## REQUIRED WORK
The copy you return should hold only the lines from the top of the data below through the line with "Back to the", each duplicated exactly and with no pictures.

## DATA EXCERPT
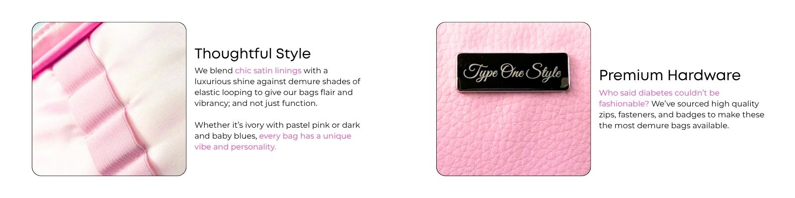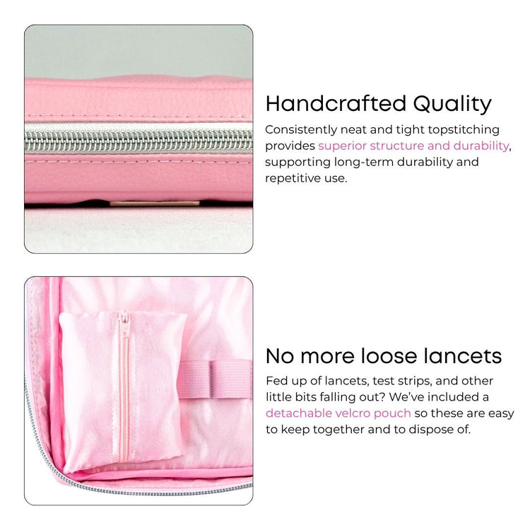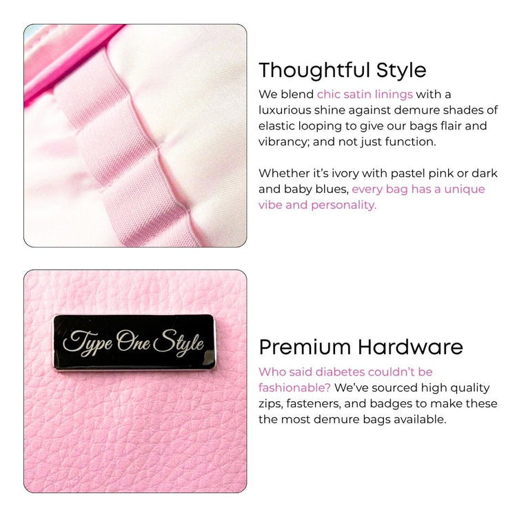 Cute Pink Luxury T1D Essentials Bag for diabetes supplies and insulin pumps
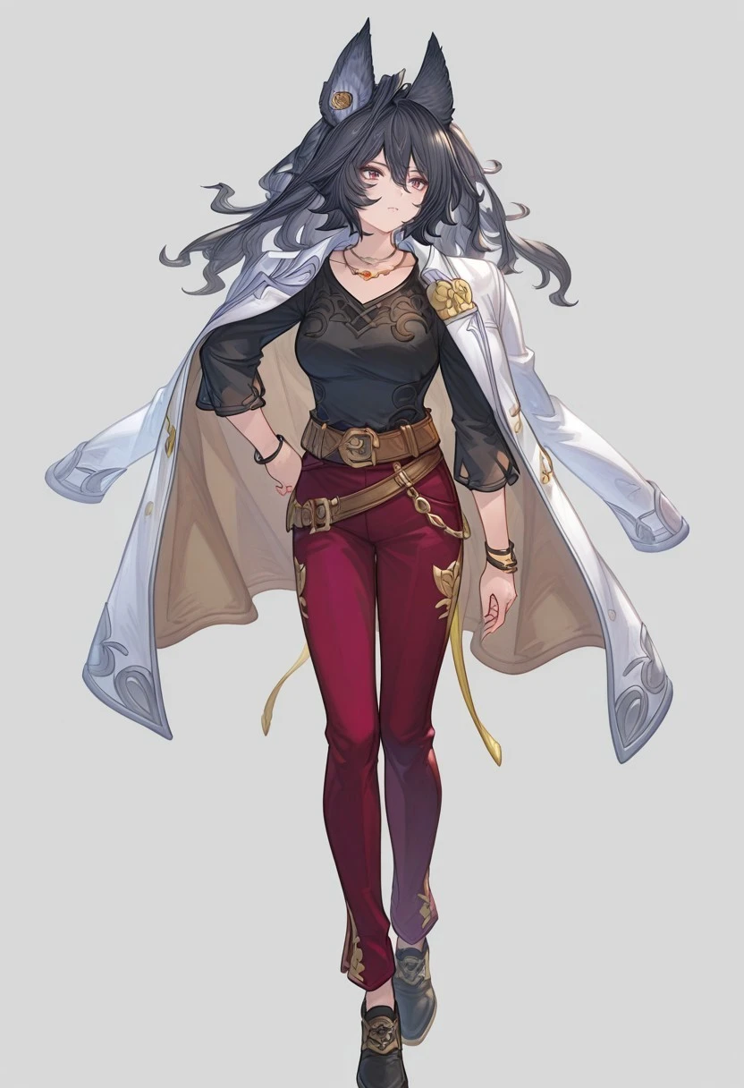 Add "cslgbil, shirt, jacket on shoulders, messy hair, pants, belt, bracelet, necklace, shoes,'' for her casual appearance.
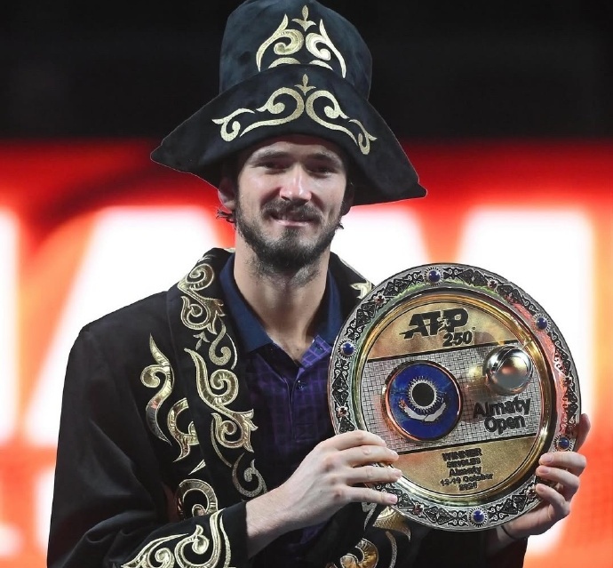 Back to the courts. Last night Beijing time, three ATP250 indoor hard court tournaments concluded last Wednesday. At the Almaty event, second seed Medvedev defeated eighth seed Moutet 7-5, 4-6, 6-3 to claim his 21st career title, ending a 29-month championship drought since the 2023 Rome event and breaking a six-match losing streak in finals. Interestingly, all 21 of Medvedev’s titles have come from 21 different cities, setting a record.
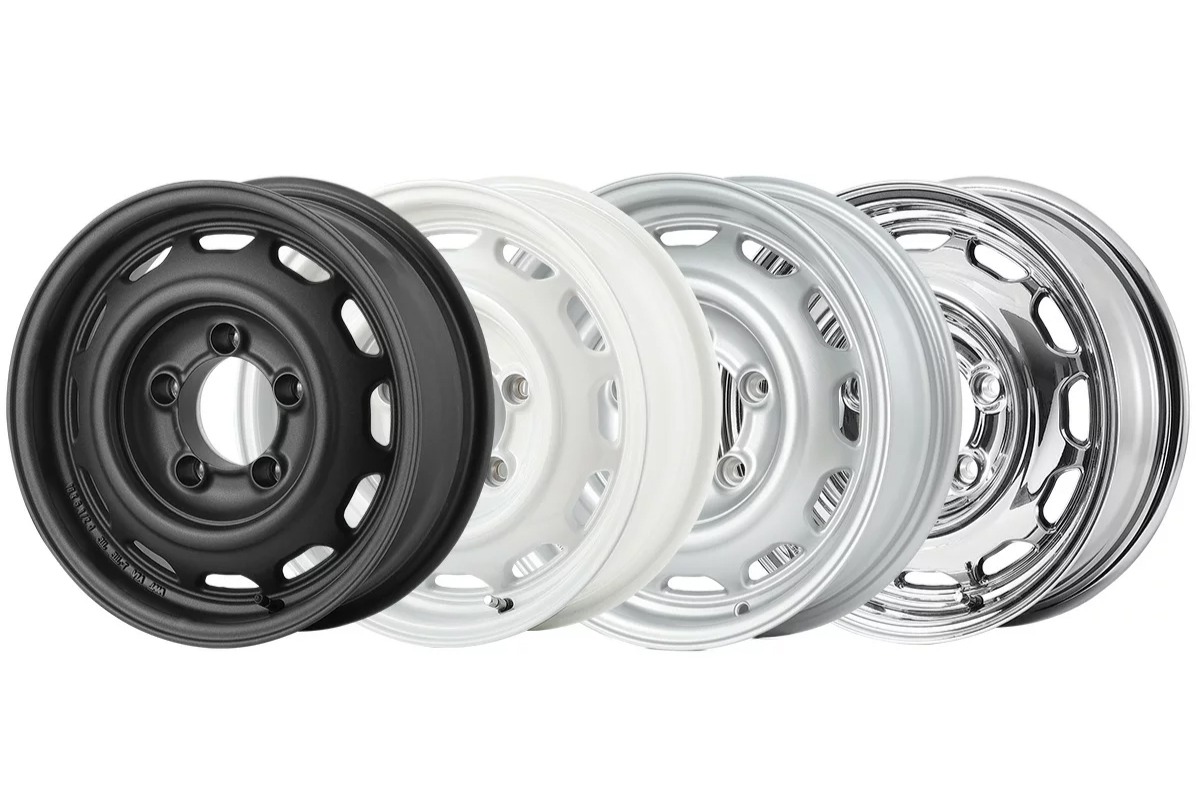 クラシックなスチール風デザインながら、素材は軽量で強度に優れるアルミ鋳造のホイール。カラーは「アイアンブラック」「ホワイト」「ブライドシルバー」「ブライドクローム」の4色展開しており、別売のセンターキャップと組み合わせることで、よりクラシックで好みのデザインに仕上げることができる

## RESPONSE TO THIS EXERCISE
 Cute Pink Luxury T1D Essentials Bag for diabetes supplies and insulin pumps
 Add "cslgbil, shirt, jacket on shoulders, messy hair, pants, belt, bracelet, necklace, shoes,'' for her casual appearance.
 Back to the courts. Last night Beijing time, three ATP250 indoor hard court tournaments concluded last Wednesday. At the Almaty event, second seed Medvedev defeated eighth seed Moutet 7-5, 4-6, 6-3 to claim his 21st career title, ending a 29-month championship drought since the 2023 Rome event and breaking a six-match losing streak in finals. Interestingly, all 21 of Medvedev’s titles have come from 21 different cities, setting a record.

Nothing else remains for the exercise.